> **Supplied information**

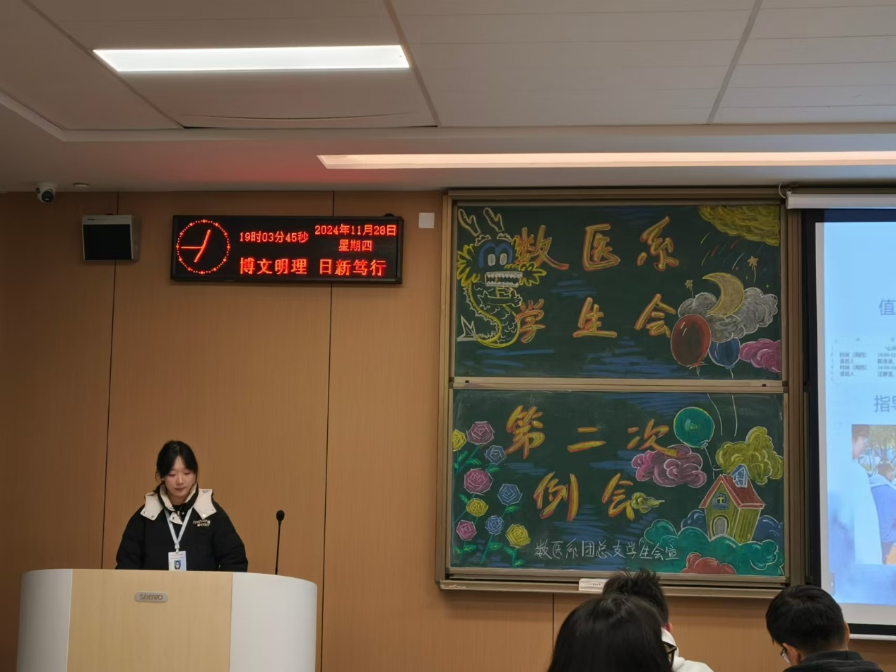 本网讯(见习记者林张涵微)11月28日晚上7点,数学与医护系团总支员工会第二次例会在A-410教室举行,参会人员有第五届团总支员工会全体成员。
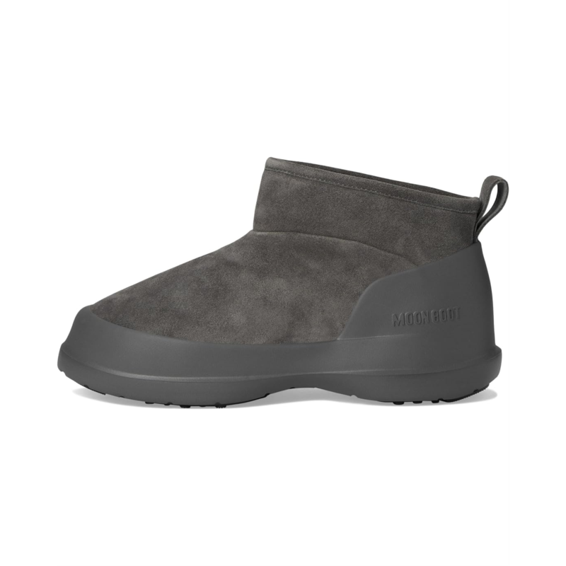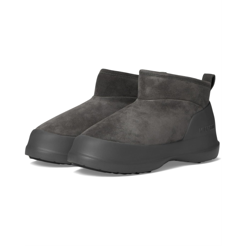 - Walk into sleek, space-age style wearing the MOON BOOT Luna Low Boot Suede! Inspired by lunar adventures yet perfect for city streets, this water-repellent, gender-neutral design combines luxury with practicality. Crafted from supple cow suede and lined with cozy faux fur, the Luna Low Boot ensures all-day comfort. Its ambidextrous, slip-on style, paired with a pull tab and logo-embossed heel counter, makes it easy to wear. The EVA midsole and thermoplastic rubber tread sole with suction pads offer exceptional grip and stability, ensuring superior ground control. Designed for urban explorers, this modern boot blends contemporary aesthetics with high-performance features-ready to elevate your every step!
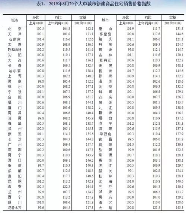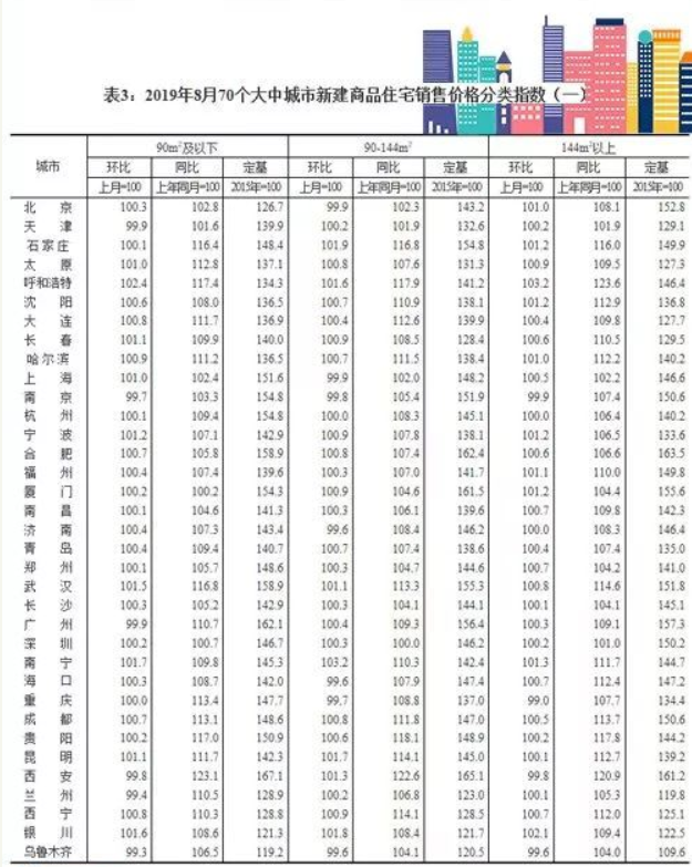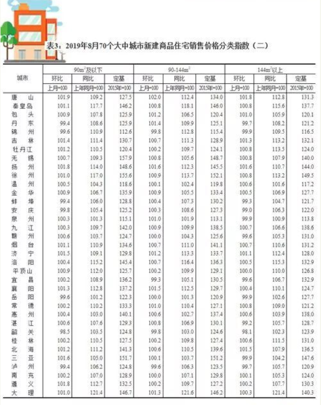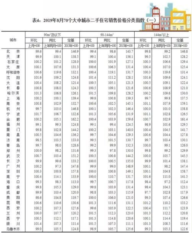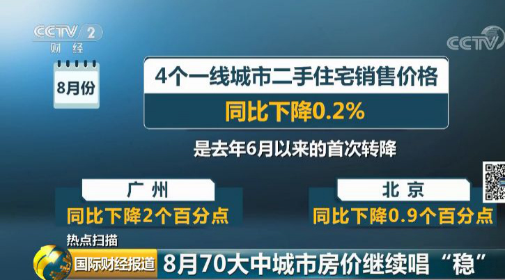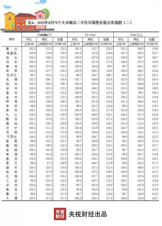 央視財(cái)經(jīng)2019年9月18日訊 近日,國家統(tǒng)計(jì)局發(fā)布了8月份70個(gè)大中城市商品住宅銷售價(jià)格變動(dòng)情況:一二線城市新建商品住宅和二手住宅銷售價(jià)格環(huán)比、同比漲幅均與上月相同或回落;三線城市新建商品住宅銷售價(jià)格環(huán)比漲幅與上月相同,二手住宅漲幅微升。

> **The task**
Your answer should set down the listing verbatim and leave out its images.

> **Exercise answer**
 本网讯(见习记者林张涵微)11月28日晚上7点,数学与医护系团总支员工会第二次例会在A-410教室举行,参会人员有第五届团总支员工会全体成员。
 - Walk into sleek, space-age style wearing the MOON BOOT Luna Low Boot Suede! Inspired by lunar adventures yet perfect for city streets, this water-repellent, gender-neutral design combines luxury with practicality. Crafted from supple cow suede and lined with cozy faux fur, the Luna Low Boot ensures all-day comfort. Its ambidextrous, slip-on style, paired with a pull tab and logo-embossed heel counter, makes it easy to wear. The EVA midsole and thermoplastic rubber tread sole with suction pads offer exceptional grip and stability, ensuring superior ground control. Designed for urban explorers, this modern boot blends contemporary aesthetics with high-performance features-ready to elevate your every step!
 央視財(cái)經(jīng)2019年9月18日訊 近日,國家統(tǒng)計(jì)局發(fā)布了8月份70個(gè)大中城市商品住宅銷售價(jià)格變動(dòng)情況:一二線城市新建商品住宅和二手住宅銷售價(jià)格環(huán)比、同比漲幅均與上月相同或回落;三線城市新建商品住宅銷售價(jià)格環(huán)比漲幅與上月相同,二手住宅漲幅微升。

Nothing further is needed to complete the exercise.